**Data provided**

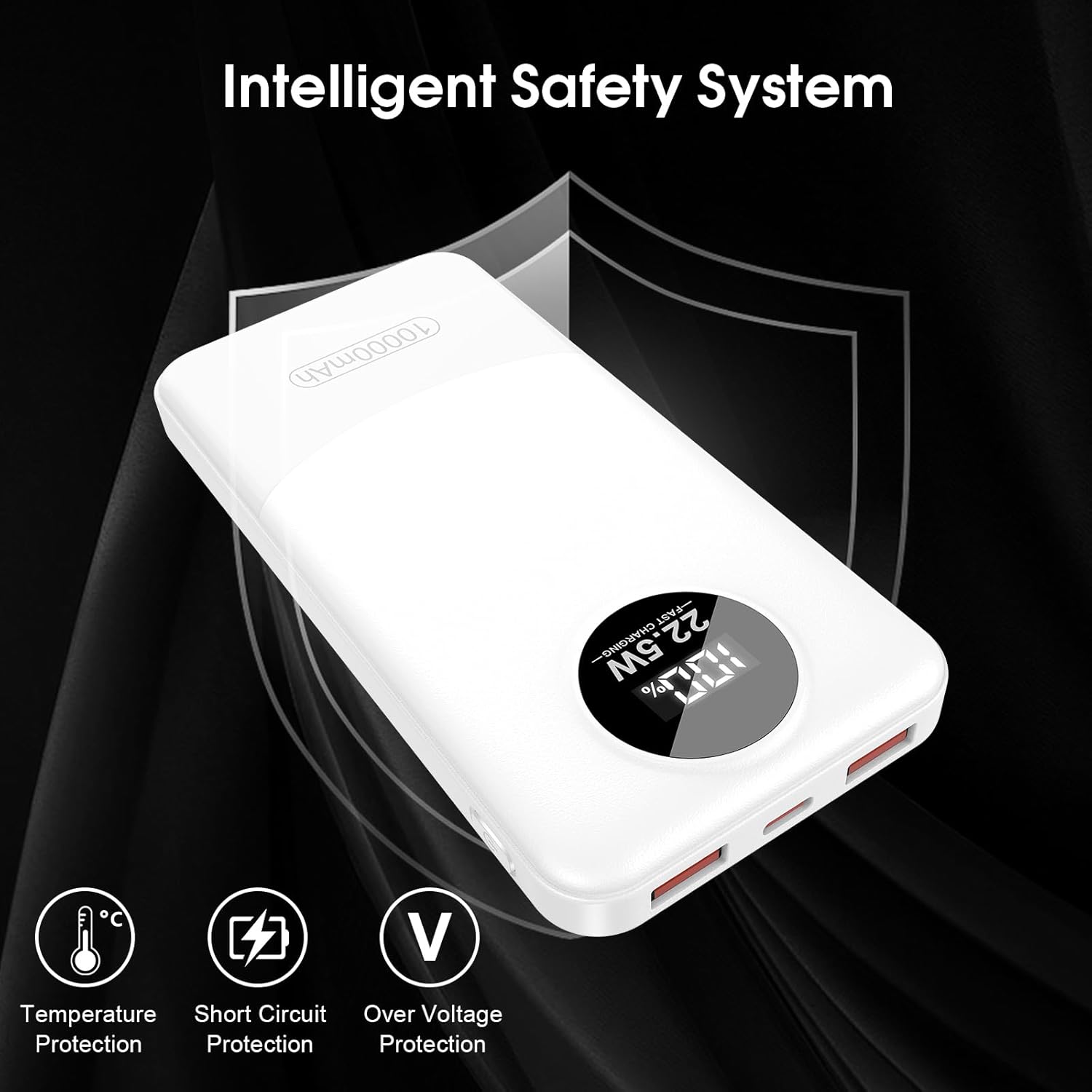 - Reliable Li-polymer Cell: A high-quality Li-polymer battery included in the power bank ensures safe charging and prevents issues such as over-voltage, over-charging, over-current, and short circuits. It will not become excessively hot or strain your phone's battery, providing a safe and ultra-long product lifespan
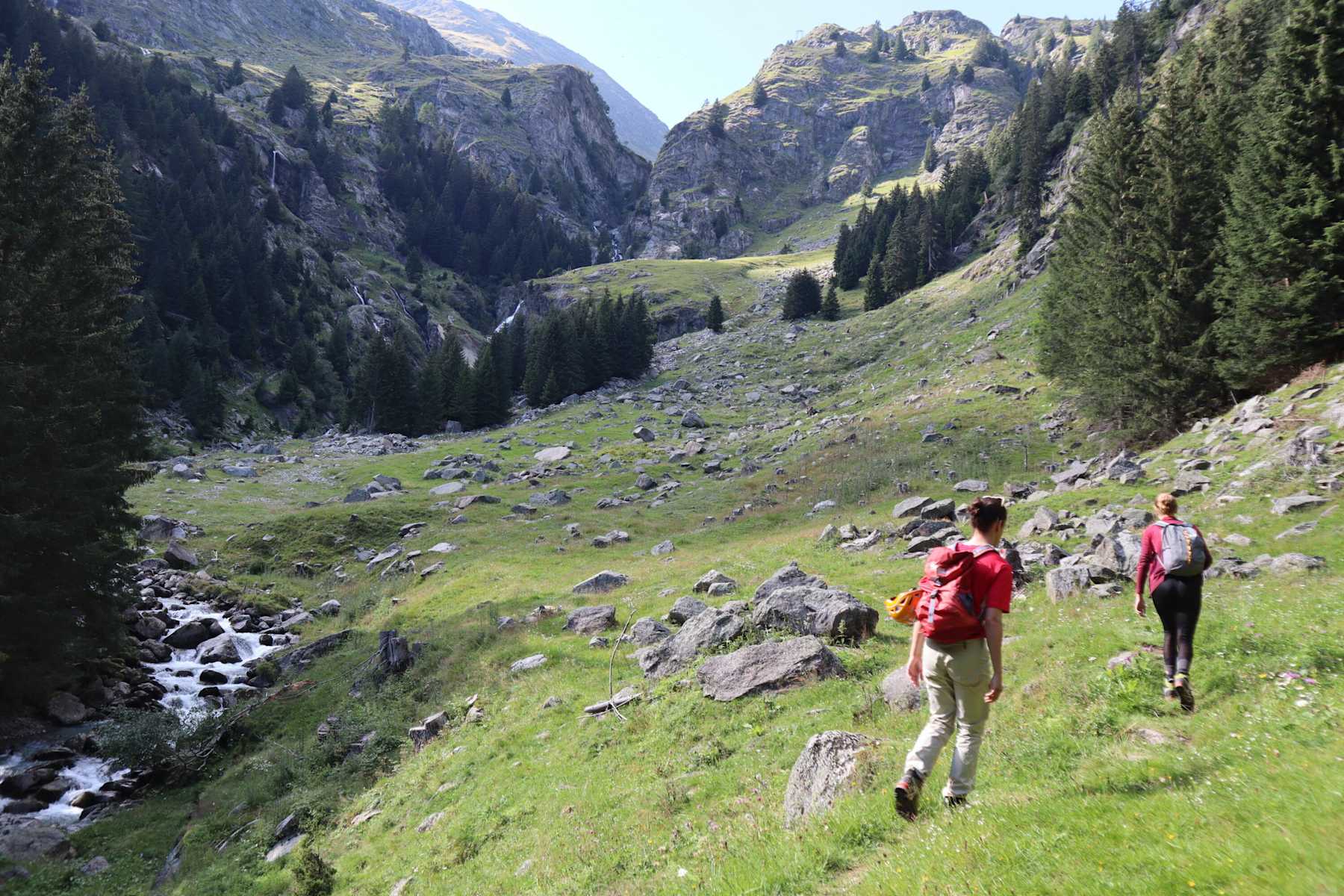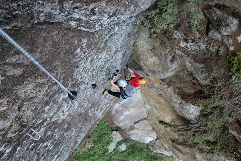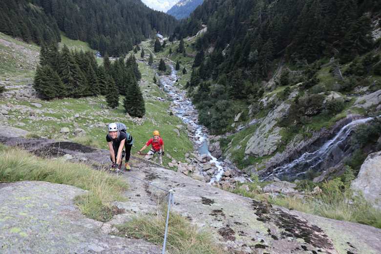 Der Ziel-Klettersteig oberhalb des Partschinser-Wasserfalls im Zieltal folgt dem tosenden Zielbach und führt auf das aussichtsreiche Gingglegg im Naturpark Texelgruppe.
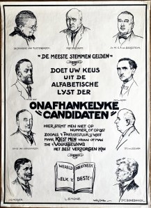 Bij de Tweede-Kamerverkiezingen van juli 1922 behaalden de Onafhankelijken echter niet meer dan 0,54% van het aantal stemmen, veel te weinig voor een van de 75 Kamerzetels. Deze grote affiche is een schier onvindbaar document! Sommige van de portretten zijn wel beken, want apart gepubliceerd, maar van deze verkiezingsprent kon ik geen exemplaar in de archieven vinden.
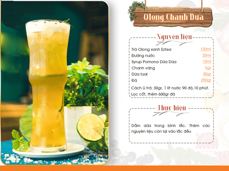 Trà Olong xanh Eztea: 120ml (30gr, 1 lít nước 90 độ,10 phút. Lọc cốt, thêm 600gr đá)
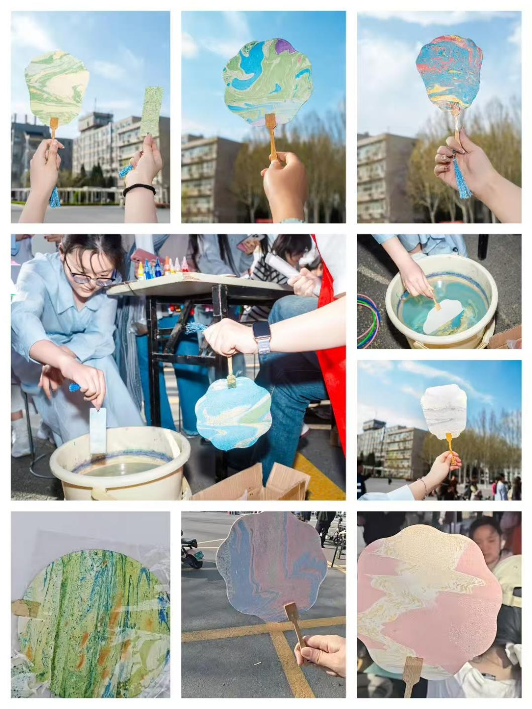 薪火清明·漆绘初心寄烈士环节作为压轴互动项目,备受同学们青睐,大家以扇为纸、以漆为墨,精心绘制带有红色元素、清明意象的图案,将对先烈的追思、对初心的坚守绘于扇面,一把把独具匠心的漆扇,既是创意作品,更是传承红色精神的青春载体。
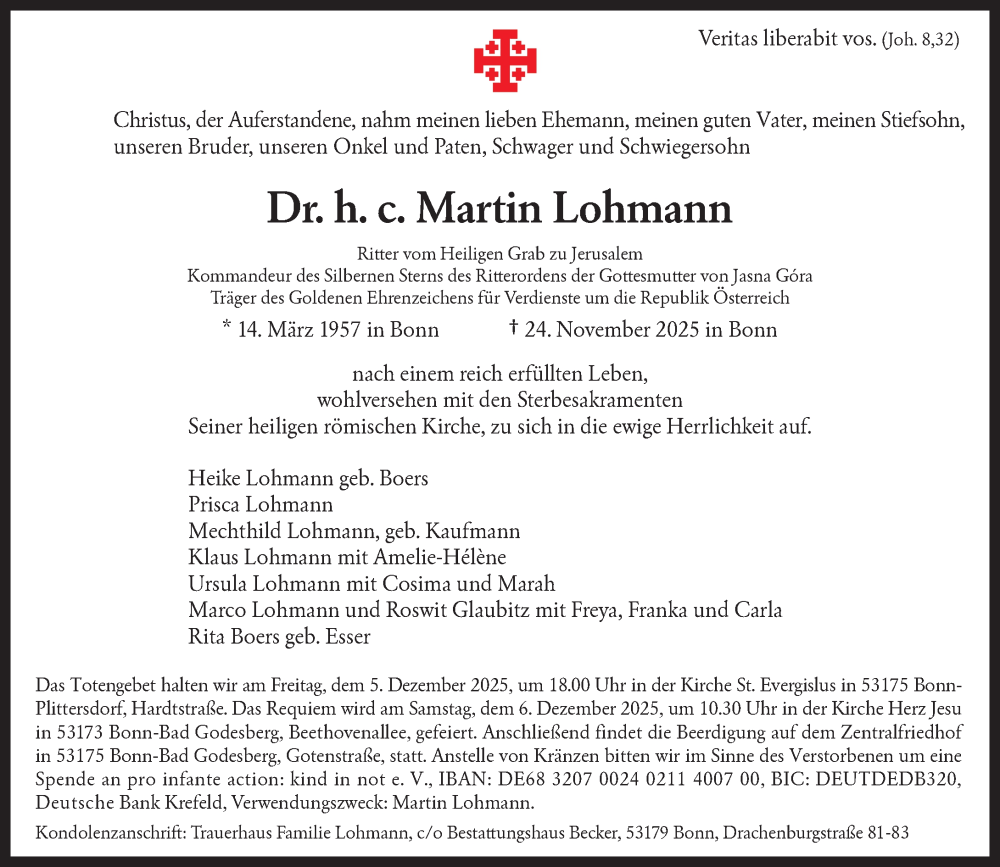Hier finden Sie alle Traueranzeigen aus der Zeitung, die bisher für Martin Lohmann erschienen sind. Weitere Traueranzeigen, die in der Zeitung erscheinen, werden hier ebenfalls aufgelistet

**Exercise brief**
Reproduce the whole listing above character for character; pictures do not belong in it.

**Exercise output**
 - Reliable Li-polymer Cell: A high-quality Li-polymer battery included in the power bank ensures safe charging and prevents issues such as over-voltage, over-charging, over-current, and short circuits. It will not become excessively hot or strain your phone's battery, providing a safe and ultra-long product lifespan
 Der Ziel-Klettersteig oberhalb des Partschinser-Wasserfalls im Zieltal folgt dem tosenden Zielbach und führt auf das aussichtsreiche Gingglegg im Naturpark Texelgruppe.
 Bij de Tweede-Kamerverkiezingen van juli 1922 behaalden de Onafhankelijken echter niet meer dan 0,54% van het aantal stemmen, veel te weinig voor een van de 75 Kamerzetels. Deze grote affiche is een schier onvindbaar document! Sommige van de portretten zijn wel beken, want apart gepubliceerd, maar van deze verkiezingsprent kon ik geen exemplaar in de archieven vinden.
 Trà Olong xanh Eztea: 120ml (30gr, 1 lít nước 90 độ,10 phút. Lọc cốt, thêm 600gr đá)
 薪火清明·漆绘初心寄烈士环节作为压轴互动项目,备受同学们青睐,大家以扇为纸、以漆为墨,精心绘制带有红色元素、清明意象的图案,将对先烈的追思、对初心的坚守绘于扇面,一把把独具匠心的漆扇,既是创意作品,更是传承红色精神的青春载体。
Hier finden Sie alle Traueranzeigen aus der Zeitung, die bisher für Martin Lohmann erschienen sind. Weitere Traueranzeigen, die in der Zeitung erscheinen, werden hier ebenfalls aufgelistet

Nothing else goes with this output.